- What needs to be done
Copy out exactly the lines below that run from the one holding "Outsunny 3.5 x" to the one holding "福彩3D 2025309期 晒中", keeping both of those lines and no others.

- Study material
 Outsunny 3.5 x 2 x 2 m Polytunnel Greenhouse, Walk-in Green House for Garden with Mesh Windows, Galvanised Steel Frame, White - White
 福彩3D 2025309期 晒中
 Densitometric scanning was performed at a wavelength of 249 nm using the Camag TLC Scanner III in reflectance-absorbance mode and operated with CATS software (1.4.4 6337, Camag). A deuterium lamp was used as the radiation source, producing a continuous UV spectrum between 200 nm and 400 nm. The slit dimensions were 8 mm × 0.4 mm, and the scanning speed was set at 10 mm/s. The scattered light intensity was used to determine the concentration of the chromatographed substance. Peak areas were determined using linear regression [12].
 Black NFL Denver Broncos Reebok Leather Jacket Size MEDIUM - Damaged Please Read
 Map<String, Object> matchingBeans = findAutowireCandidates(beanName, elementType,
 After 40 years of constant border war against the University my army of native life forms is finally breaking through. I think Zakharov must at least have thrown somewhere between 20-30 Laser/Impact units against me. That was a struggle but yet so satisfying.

==

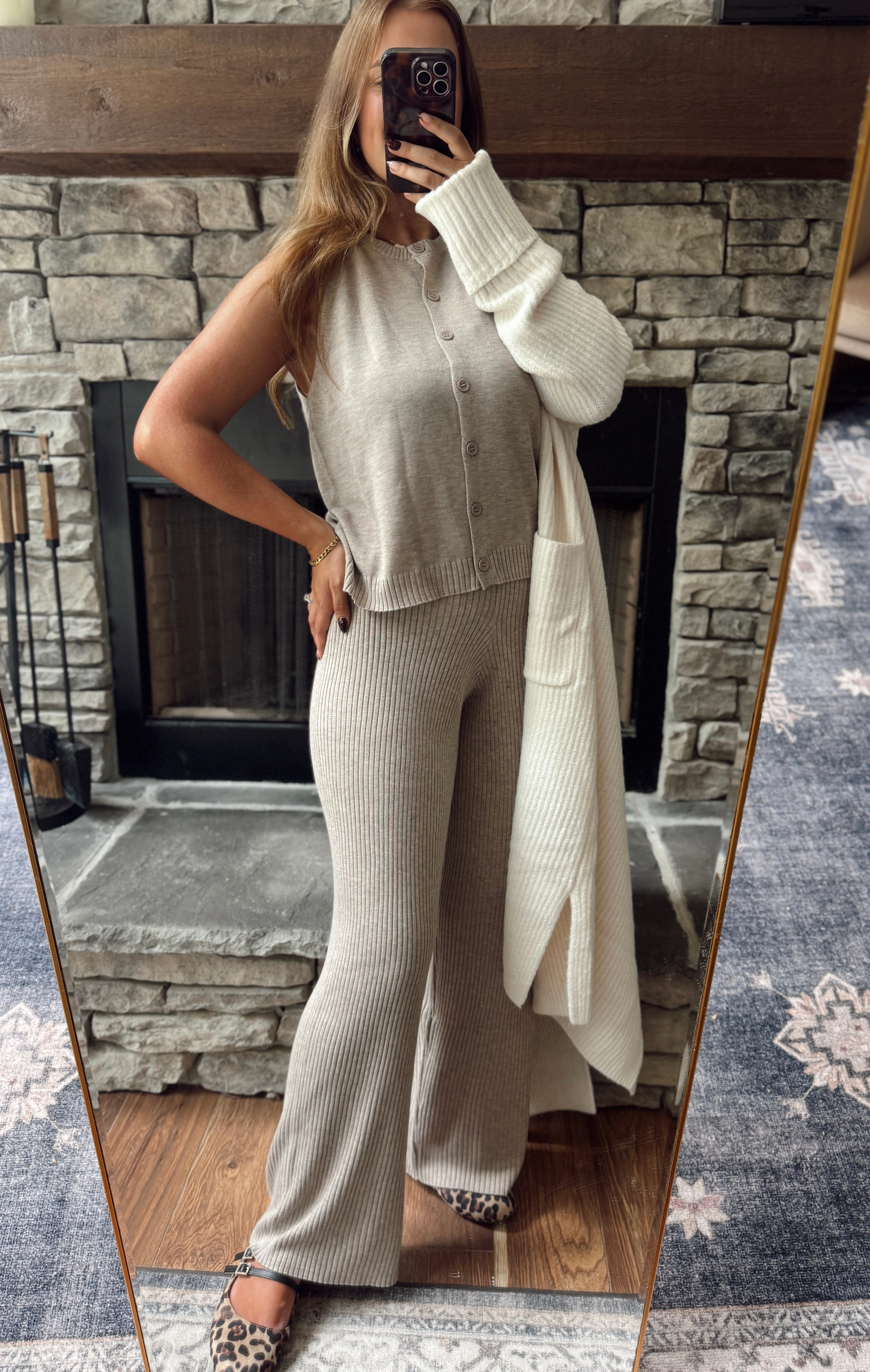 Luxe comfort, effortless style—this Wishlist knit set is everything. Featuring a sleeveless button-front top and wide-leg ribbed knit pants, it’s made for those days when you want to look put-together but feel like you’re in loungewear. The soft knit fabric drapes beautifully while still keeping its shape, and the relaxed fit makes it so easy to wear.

- Response box
 Outsunny 3.5 x 2 x 2 m Polytunnel Greenhouse, Walk-in Green House for Garden with Mesh Windows, Galvanised Steel Frame, White - White
 福彩3D 2025309期 晒中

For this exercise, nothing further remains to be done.